Slaying the dragon of net zero emissions

April 28, 2022
Used with permission from Alan Moir,

Queensland Nationals Senator Matt Canavan, a member of a party historically hostile to cutting fossil fuel emissions, has been, for the most part, at home. This was until his colleagues hammered out an understanding with their Liberal counterparts about a net zero emissions target by 2050.

This was only reached after much fuss prior to Prime Minister Scott Morrison’s attendance at the Glasgow climate change conference last year (COP26). Canavan was having none of it and expressed delight that, eventually, countries had agreed to “phase down” rather than “phase out” coal burning.
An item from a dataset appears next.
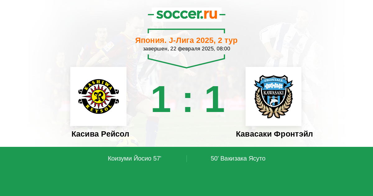 Протокол матча Касива Рейсол против Кавасаки Фронтэйл
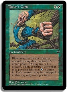 Blue creatures do not untap as normal during their controller's untap phase. During his or her upkeep, a blue creature's controller may pay an additional <U> to untap it. Each creature may be untapped in this way only once per turn.

The COP26 communique was, according to Canavan, a “green light” for Australia to keep digging and “supply the world with more coal because that’s what brings people out of poverty”. There had “never been a higher demand” for coal, he said and Australia’s fossil fuel industry would be happy to feed it.
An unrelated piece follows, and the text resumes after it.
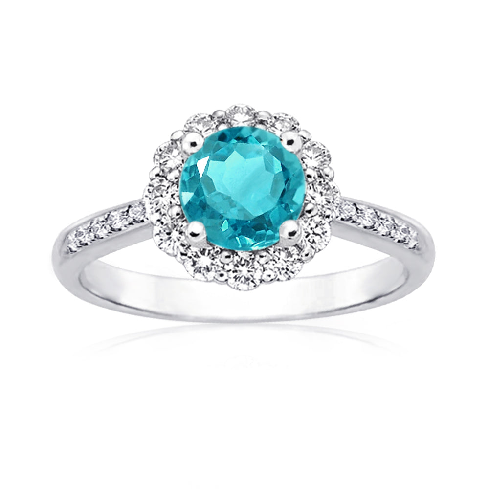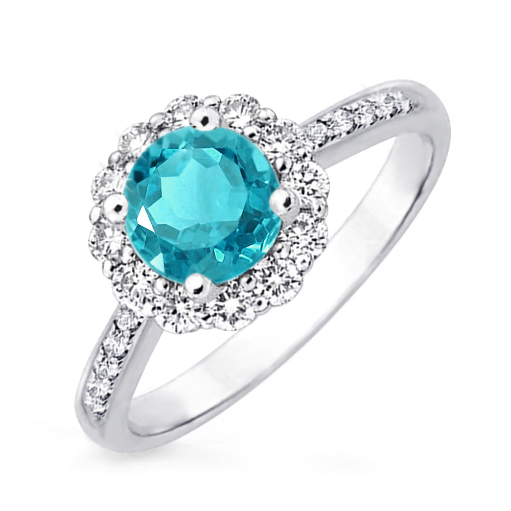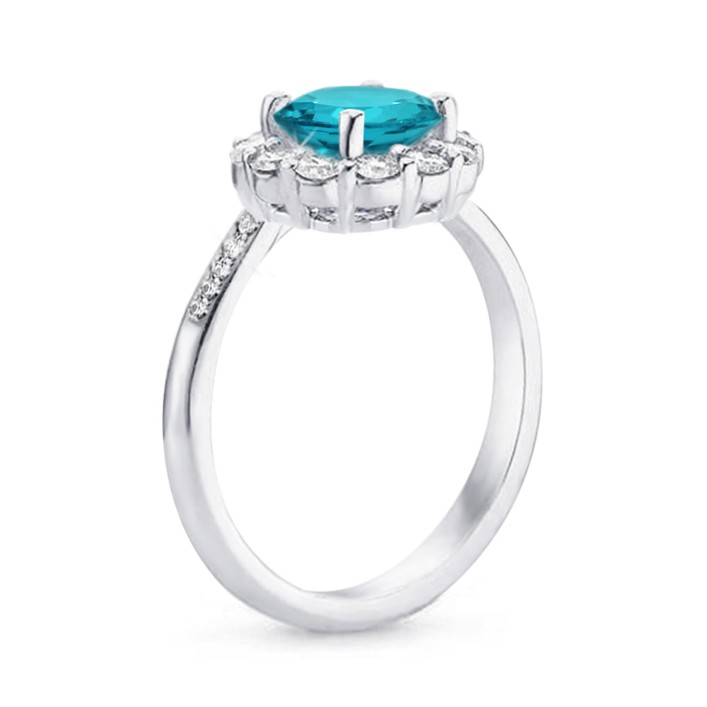 1.5ctw Zircon Blue CZ Flower Halo Engagement Rings

With a federal election campaign in full swing, Canavan has again attempted to slay the net zero emissions dragon, taking his lead from Colin Boyce, the Liberal National Party candidate for the seat of Flynn. Boyce suggested that the Coalition’s commitment to net zero allowed for some “wiggle room”.

On the ABC’s Afternoon Briefing on April 27, Canavan went one further in roundly proclaiming that “net zero is … dead.” He went on: “[British Prime Minister] Boris Johnson said he is pausing the net zero commitment, Germany is building coal and gas infrastructure, Italy’s reopening coal-fired power plants. It’s all over. It’s all over bar the shouting here.”
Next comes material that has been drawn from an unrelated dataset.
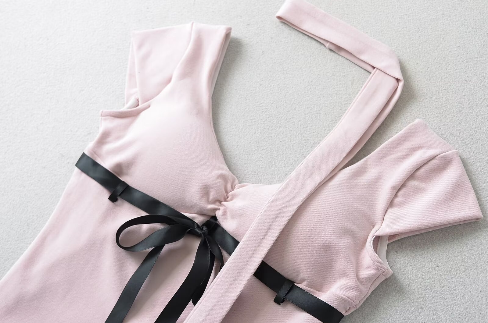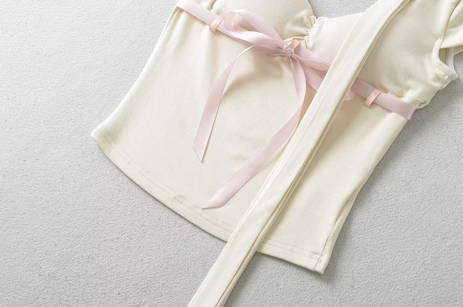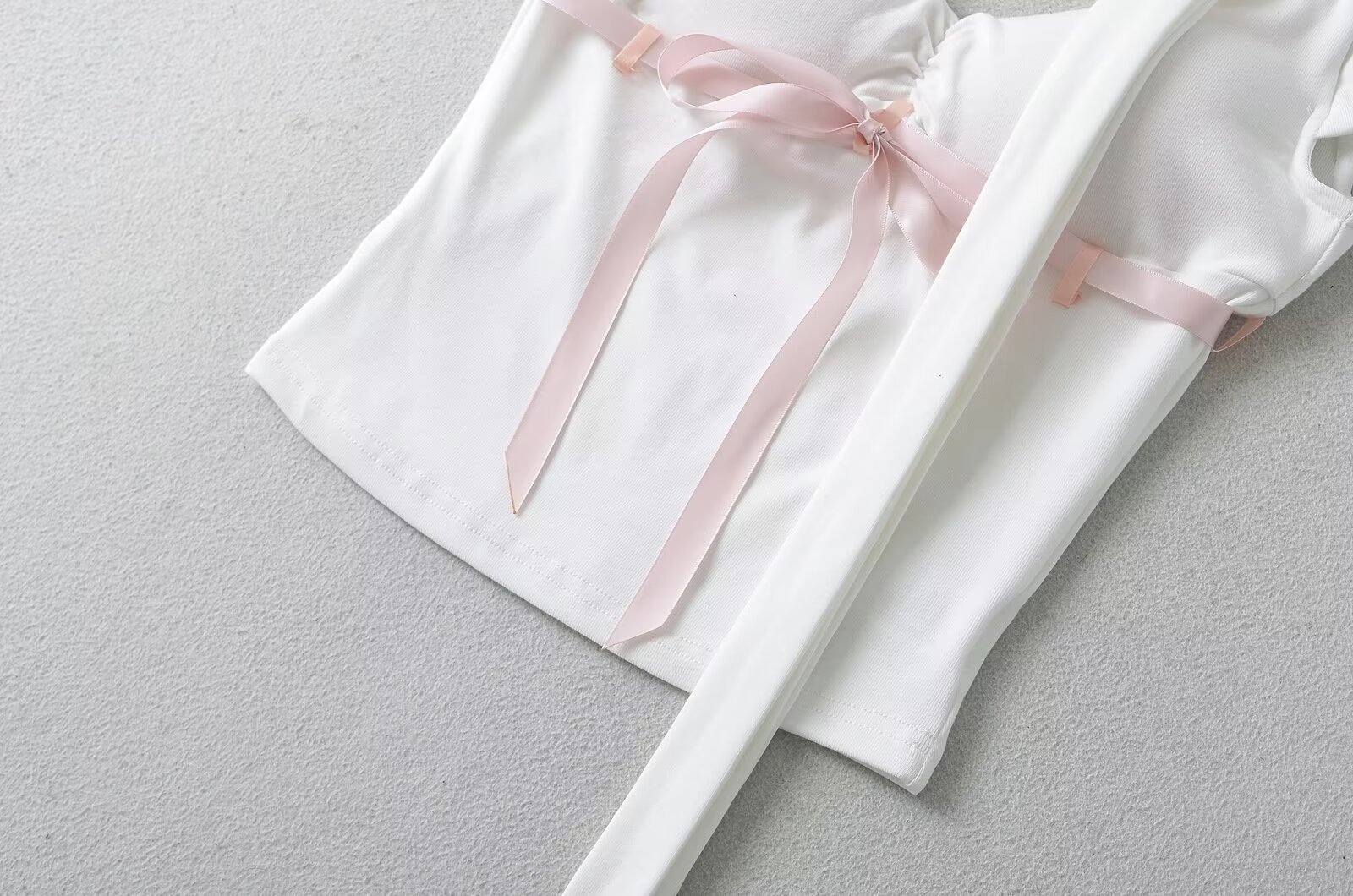 Hot Girl Niche Pure Desire V-neck Lace Up Tight Short-sleeved T-shirt

These remarks in an election campaign were deemed unwelcome by the higher-ups. “That’s his view, it’s no surprise, he’s held it for a long time, it’s been resolved and our policy was set out very clearly,” Morrison said.

Given that farmers have been among hardest hit by climate-change induced extreme weather events, Nationals MP Michelle Landry told Canavan to pull his head in, Nationals MP Darren Chester suggested he had lost not only the argument but a sense of perspective. Former leader Michael McCormack said Canavan’s remarks were “not helpful”.

The Labor Party tried to ride this discordance in the Coalition, but is hampered by its own contradictions: in Dawson, in regional Queensland, Labor is giving preferences to the pro-fossil fuel United Australia Party and Katter’s Australian Party ahead of the Greens, whereas in the seat of Brisbane, it is giving the Greens at number 2.

Last year, Canavan, a former Minister for Resources and Northern Australia, tweeted photos of snow-filled scenes in regional New South Wales, mocking the science of global warming. He has described one of the Intergovernmental Panel on Climate Change report as “fear porn”, saying, “One of the IPCC authors was quoted as saying he hoped this report would scare people so it would help change their vote”.

The Senator champions the fossil fuel corporations, saying they should be cushioned from the predatory behaviour of banks which refuse to fork out finances for new mines. “Global banks that want to control who has a job in Australia should be locked out of our country.”

Canavan told an ABC Q&A program in 2020 that “Australian people have never voted for net zero emissions … We seem to try and get bullied into these positions that the Australian people didn’t vote for.”

He attacked the Paris climate agreement for “transferring industrial wealth from the west and from Australia to China, a country that’s bullying and threatening us.” The fact that Australia is happy to supply China with raw materials, notably iron ore, seems to have passed him by.

Unfortunately, Canavan is bound to win a fair share of votes. This comes down to a range of factors, not least that Labor is not campaigning for a job-rich transition plan to renewables, leaving those worried about their jobs in the fossil fuel industries to the mercy of the Coalition, the UAP and the Katters.